Uniti and Windstream entered into talks earlier this summer on the master lease agreement after the latter filed voluntary petitions for reorganization in late February under federal Chapter 11 rules. The controversial lease agreement provides for annual rent of $659 million to Uniti paid in equal monthly installments in advance, with an annual base rent escalator of 0.5%, according to securities filings. U.S. Bank and other unsecured creditors have tried to change the terms of the lease agreement.
Uniti said in a July 19 court filing that it believes pleadings by bankruptcy trustees and the U.S. Bank-led group contain factual and legal flaws and inconsistencies.
“Under appropriate legal tests, Uniti is confident the master lease is a ‘true lease,’ and every serious analysis of it ever performed by specialists has reached that conclusion,” the company said. “Uniti is confident that a careful examination of the evidence (including many of the very documents cited by UMB, U.S. Bank, and the UCC) will confirm that the master lease is a true lease, as it was asserted to be by Windstream and its advisors when it was executed.”
Thomas said Thursday that Windstream wishes to recharacterize its relationship with Uniti from a “lease” to a “financing arrangement.”
“Our complaint asserts that the approximately $650 million Windstream pays Uniti each year was intended to finance the 2015 spinoff of the network assets that created Uniti and was not a ‘true lease,’ said the Windstream CEO. “While the outcome of any litigation is uncertain, we believe we have compelling and valuable claims against Uniti, and any ultimate outcome should reflect that value.”
Almost as an afterthought to the least negotiations, Windstream reported that adjusted earnings before Windstream’s $650 million annual cash payment to Uniti came in at $450.4 million, down 4.4% from $471.2 million in the same period a year ago.

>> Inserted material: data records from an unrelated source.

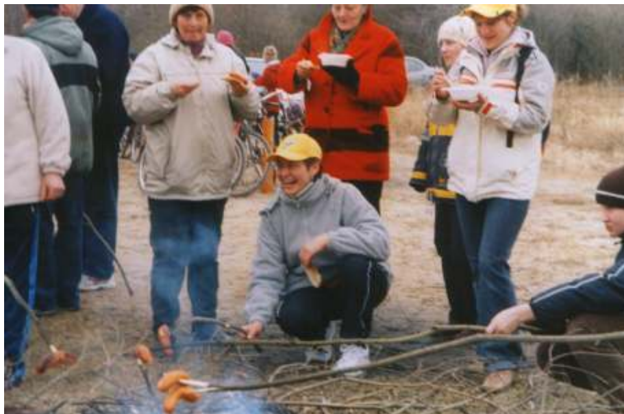
Grochówka i kiełbaski smakowały wszystkim
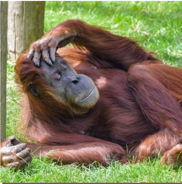
Orangutana Sandra, Argentina

Investiga sobre las historias de estos animales
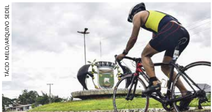
AirãoMan acontece nos dias 5 e 6 de agosto em Novo Airão

As inscrições podem ser feitas no site http://www.ticketsports.com.br/e/airaoman23 até 28 de julho.
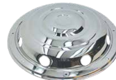
ART.NR: 621123 Radkappe vorne 19,5" Edelstahl Typ: Standard - 8-Loch Inkl. Lock-Ring-System
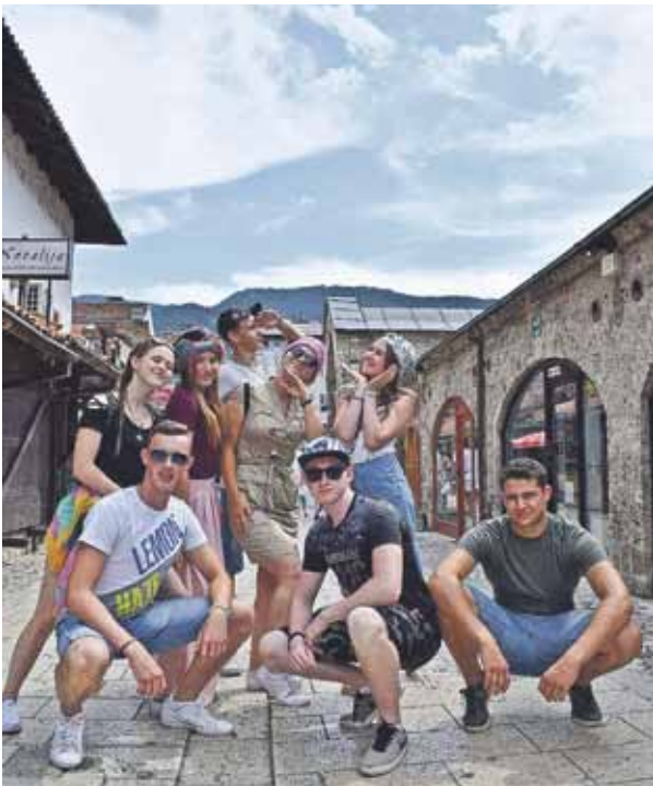
Kolektīvs atpūšas Bosnijas pilsētā Sarajevā.
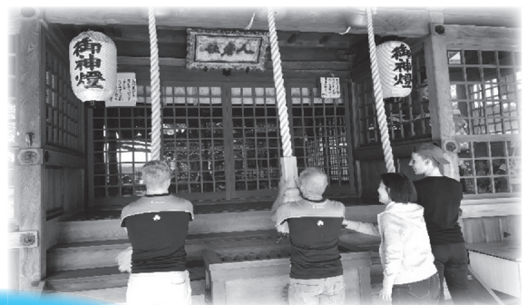
高津柿本神社参拝
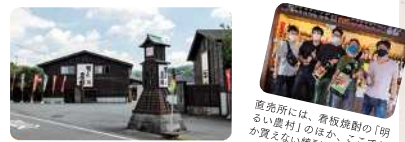
販売所には、着抜焼酎の「明るい唐村」のほか、ここでもか買えない焼酎もたくさん。
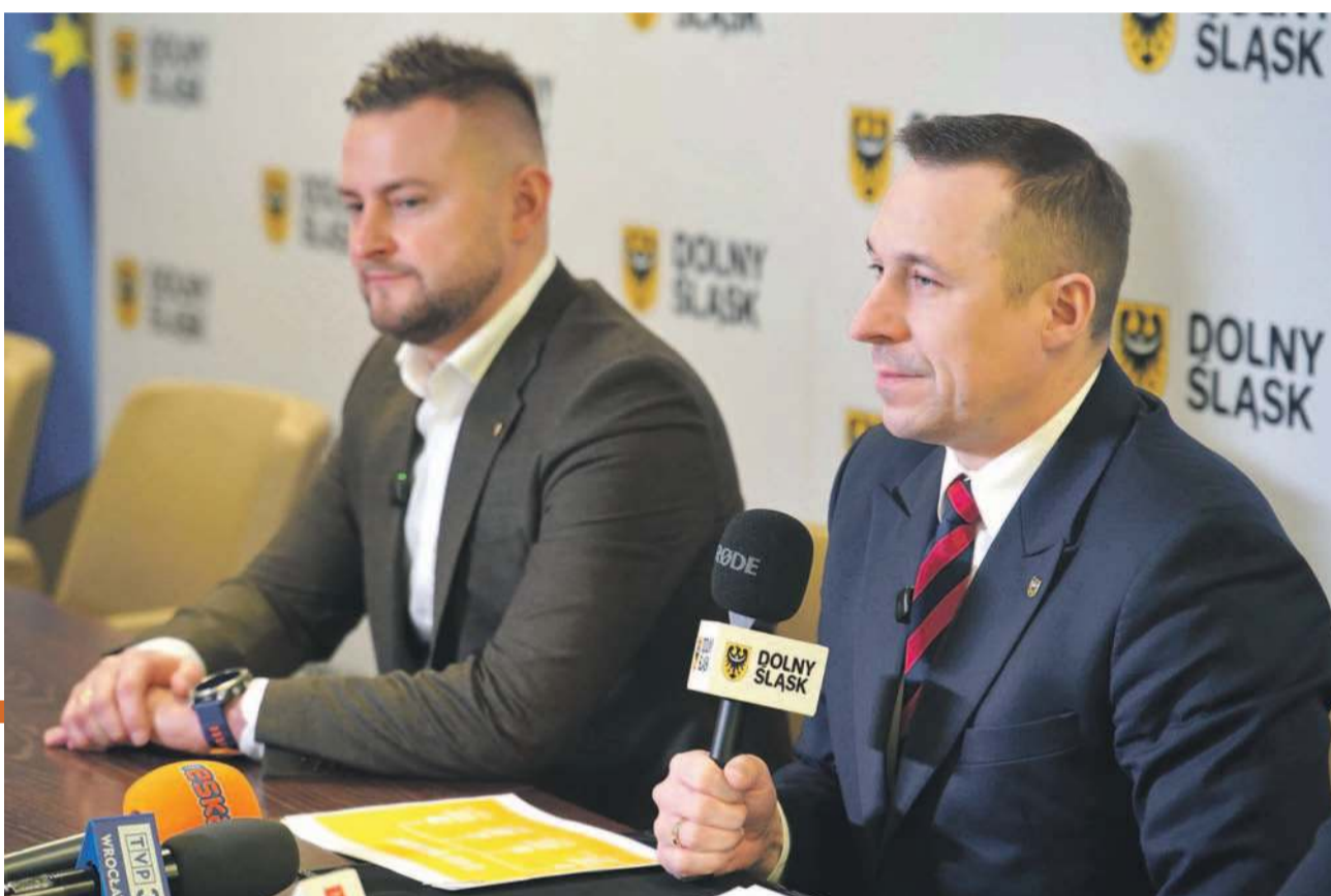
„Dolny Śląsk na dobrej drodze” to autorski program samorządu województwa

W tym roku działania przenoszą się do powiatów: lwóweckiego, złotoryjskiego, karkonoskiego, kamiennogórskiego, wałbrzyskiego, świdnickiego, dzierzoniowskiego, kłodzkiego i ząbkowickiego. W 2027 roku program obejmie powiaty: wrocławski, oławski, strzebiński, legnicki, jaworski, średzki, górowski i wołowski.
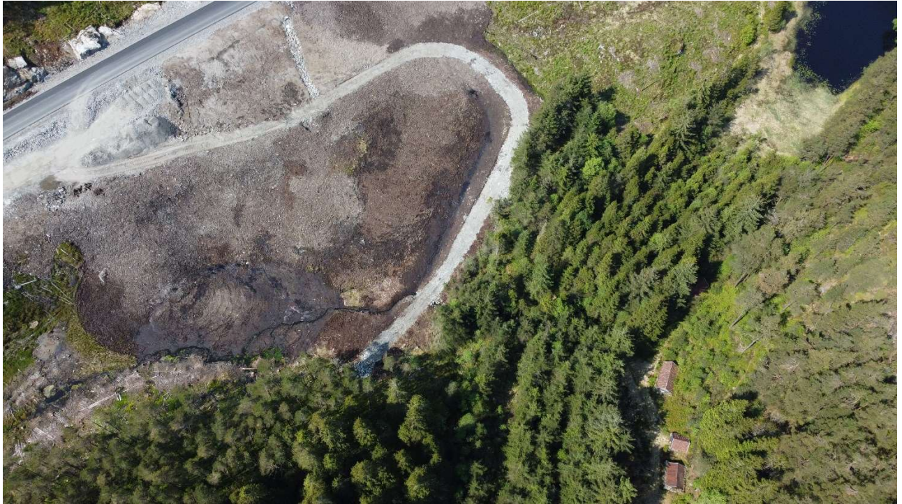
Bilde 6 Torvhusa ser ein i nedre høyre hjørne, nye veggen ser ein oppe i venstre hjørne, massedeponi midt i bilde.
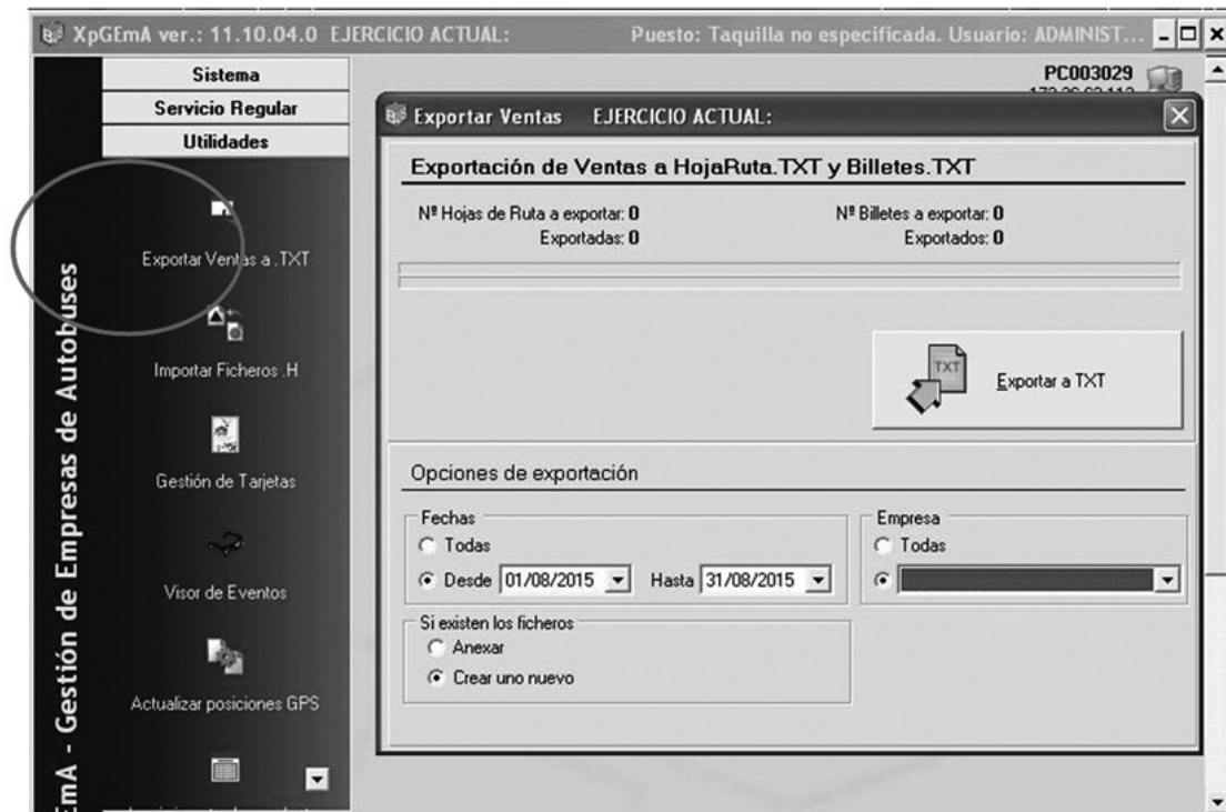
Fig. 2 Exportar Ventas a TXT y al servidor de la Consejería

Para transmitir datos (Fig. 2), desde el menú de Utilidades, se deberá seleccionar Exportar ventas a TXT.
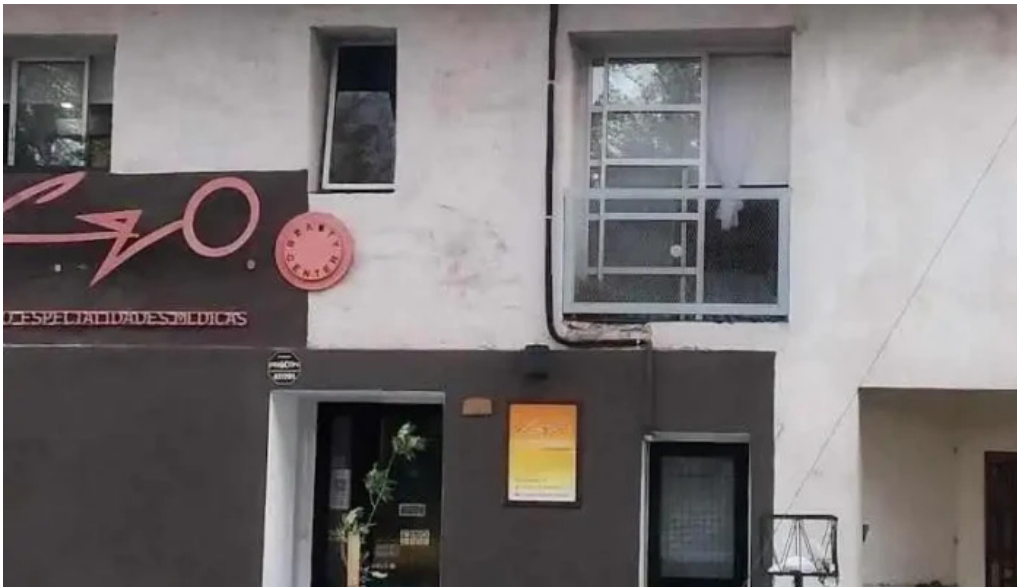
Osteopatía de avanzada clínica cpo especialidades médicas villa mercedes
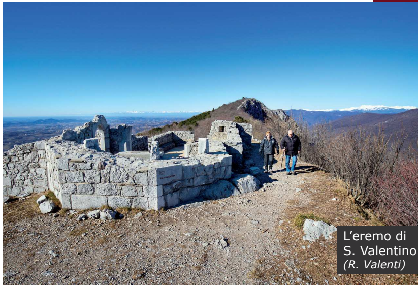
L'eremo di S. Valentino (R. Valenti)

precisamente rientrano nei "Calcari di Aurisina" del Turoniano-Campaniano (da 94 a 72 milioni di anni fa). Proseguiamo oltrepassando una trincea e dopo un piccolo terrapieno la risalita si fa più agevole in boschi più aperti. La vegetazione infatti è caratterizzata da una boscaglia, solo a tratti fitta ed intricata, dominata nella parte più bassa da rovere, cerro e roverella. Salendo di quota prende il sopravvento la boscaglia carsico-illirica, a carpino nero ed orniello, che lascia ampi spazi a praterie aride e al pino nero.
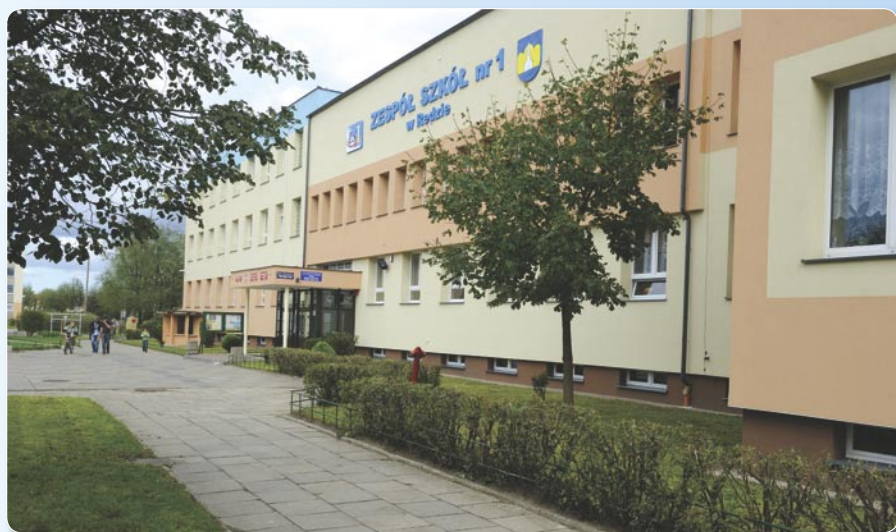
Termomodernizacja ZS nr 1.
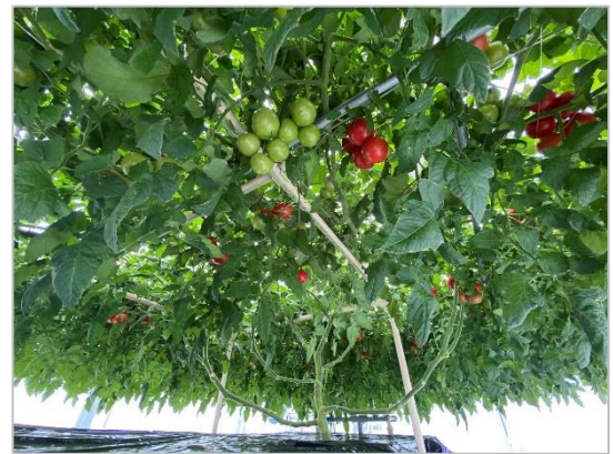
昨年9月に種を植えて育てた「トマトの樹」 (2024年3月現在)
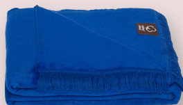
20 - AZULINA
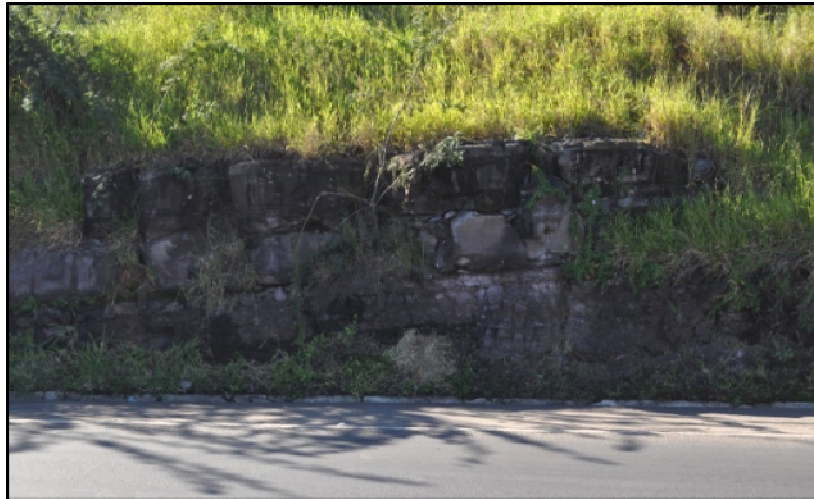
Figura 9 – Afloramento da Formação Botucatu em Corte de Estrada
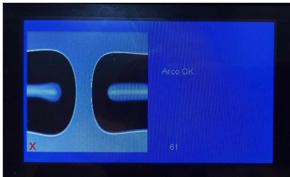
Img 3 ajuste de arco OK
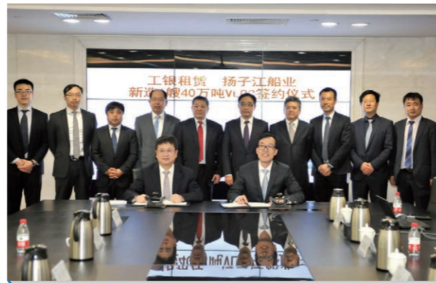
2016年4月，我公司与工商银行租赁公司（ICBC Leasing）签订了6艘400000DWT超大型矿砂船建造合同。
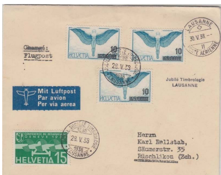
Lettre aviation avec cachets postaux de Lausanne 28 mai 1938 du Jubilé 50 ème anniversaire de la SLT et Lausanne poste aérienne 30.V.38
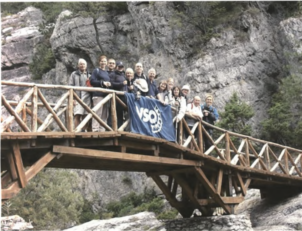
Φωτογραφία 8. VSO Charity: Στο φαράγγι του Ενιπέα.
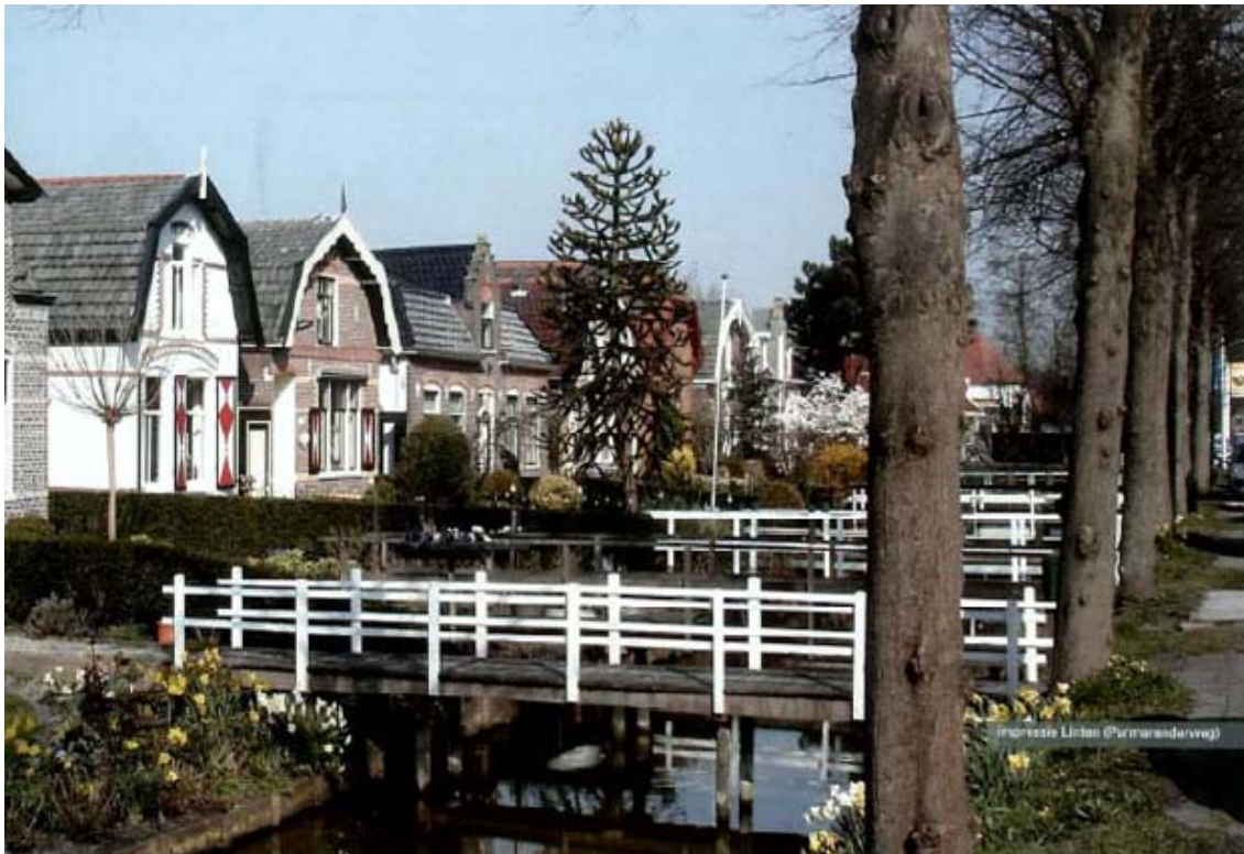
Figuur 3.1 Impressie lintbebouwing (Purmerenderweg)

Adjusted revenues were also down year-over-year at $1.29 billion, a decline of 7.9% compared to $1.4 billion a year ago.
“Windstream has continued to operate without material business interruption after voluntarily filing for restructuring in February. We continue to expand broadband service across our largely rural footprint and grow our consumer broadband customer base,” said Thomas. “We also continue to see strong growth in strategic sales in our Enterprise business unit. We appreciate the continued strong support we have received from our employees, customers, vendors and financial stakeholders as we work through this process.”
Windstream’s broadband Kinetic internet service reported revenues of $509 million, down 4% from the same period a year ago. Kinetic, which added 1,900 new subscribers during the three-month period, reported income of $303 million compared to $315 million year-over-year.
Windstream’s Enterprise service revenues were $673 million, a 10% decrease from the same period a year ago, and segment contribution margin was $139 million compared to $147 million year-over-year. Wholesale service revenues eroded 9% from a year ago to only $88 million as segment income was $65 million compared to $70 million year-over-year.
At the end of 2018, Windstream had 11,945 employees, including about 1,500 in Little Rock and 1,340 union employees under collective bargaining agreements. The Little Rock-based telecom offers bundled broadband services to consumers and businesses across the company’s 150,000 fiber network miles primarily in rural areas in 18 U.S. states.